In 1942 was elected to be a member of the scientific committee of RDS (Royal Dublin Society). She served on the council from 1973 to 1977, and she was the vice-president from 1975 to 1977. In 1949 she was one of the first women to be elected to the RIA (the Royal Irish Academy). Three other women were elected at the same time as her. She was elected to the RIA council in 1973, where she served from 1973 to 1977, and she served as vice-president from 1975 to 1977.

=== Awards and recognition ===
In 1943, Clinch was awarded an honorary Doctorate of Science (D.Sc.), based on the strength of her published scientific work.

On 30 March 1961 she became the first woman to receive the Boyle Medal from the RDS (Royal Dublin Society). The next woman to receive the award was Margaret Murnane, a physicist, who was awarded 50 years later. Clinch received the award in recognition of her publications and scientific work.
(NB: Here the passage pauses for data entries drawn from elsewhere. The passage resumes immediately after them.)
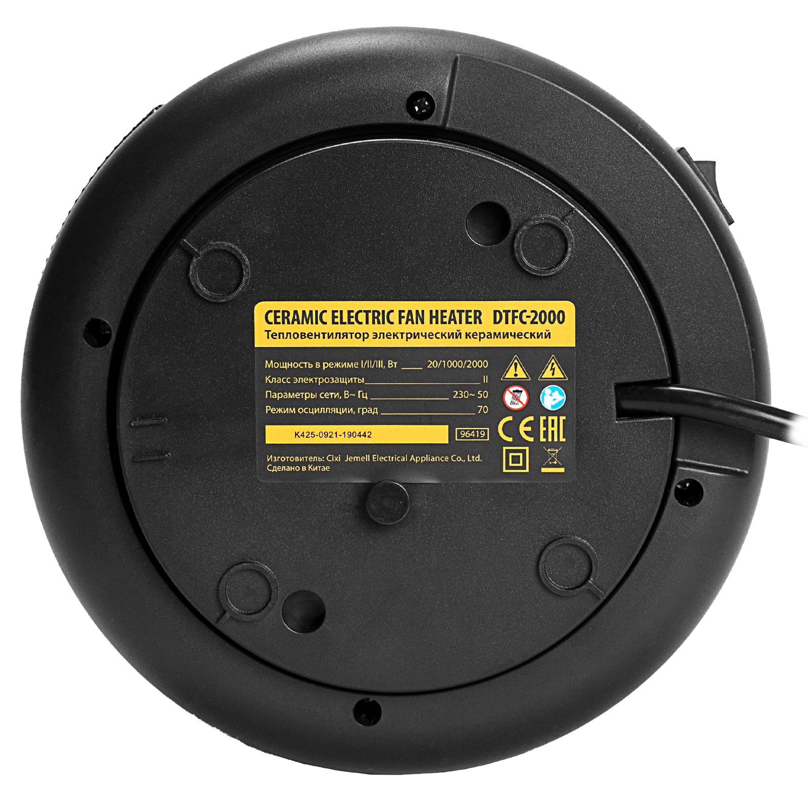 - Защита при опрокидывании — в нижней части корпуса находится специальная кнопка, которая срабатывает при падении и выключает тепловентилятор.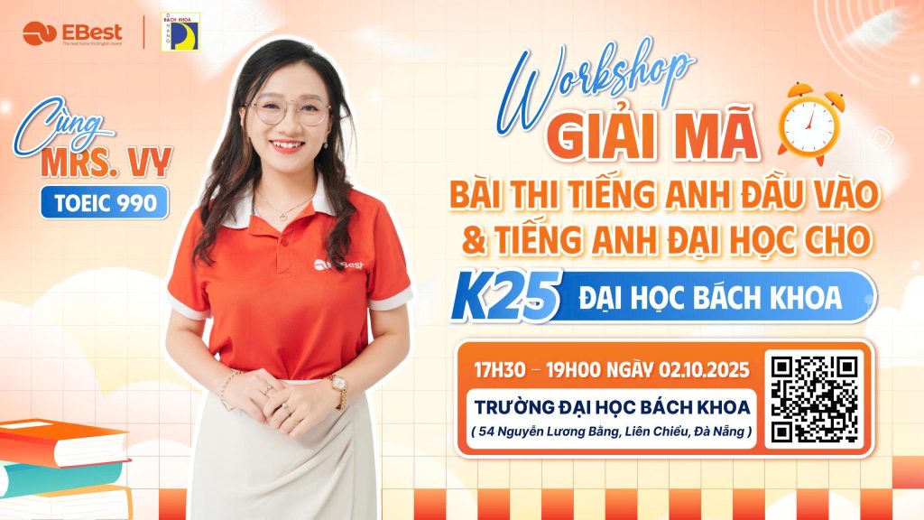 Để giúp hành trình học tiếng Anh của các bạn tân sinh viên Khoá 2025 dễ dàng hơn, EBest tổ chức một buổi workshop: “Giải Mã Bài Thi Tiếng Anh Đầu Vào & Tiếng Anh Đại Học Cho K25”. Đây chính là chìa khóa để hành trình học tiếng Anh tại đại học của bạn trở nên dễ dàng và tối ưu nhất.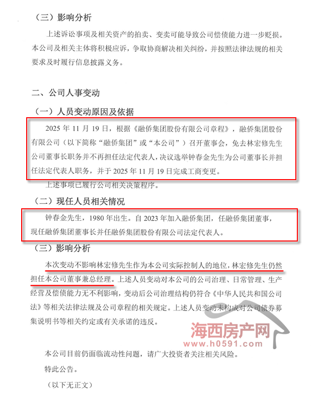 另外,融侨集团免去林宏修董事长职务,选举钟春金为新董事长并担任法定代表人。此次人事变动后,林宏修仍保持实际控制人地位,公告明确其职务变更对公司治理、日常管理及生产经营无不利影响。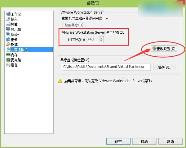 2、找到左侧功能列表中的“共享虚拟机”,选择后,在右侧界面中点击“更改设置”;

In 2016 portraits of the first four women elected to the RIA, including Phyllis Clinch, were hung at the RIA's Academy House. This is the first time that women's portraits had been hung at the Academy House since the RIA was founded 230 years earlier. The portraits were created by Vera Klute, and relatives of the women were present as the portraits were unveiled. The portraits were a result of the Women on the Walls campaign, created by Accenture, which works to promote the careers of women in STEM.

=== Notable work ===
In the 1930s Clinch gained international fame for the work that she did to reveal complex viruses in potatoes. She identified symptomless viruses and viruses that damaged potato stocks. Her findings about viruses were then used by the Department of Agriculture to develop potatoes free of diseases for farmers which was beneficial to the Irish potato industry. She later focused on pathogens in sugar beets in addition to identifying six viruses in tomatoes. The Department of Agriculture asked her to identify the agents of disease in tomatoes and sugar beets so that recommendations could be made on how to control the agents.

== Miscellanea ==
According to nephew Paul Clinch, in a brief biosketch by consulting company Accenture, generations of students referred to Clinch by the respectful nickname "Auntie Phyll".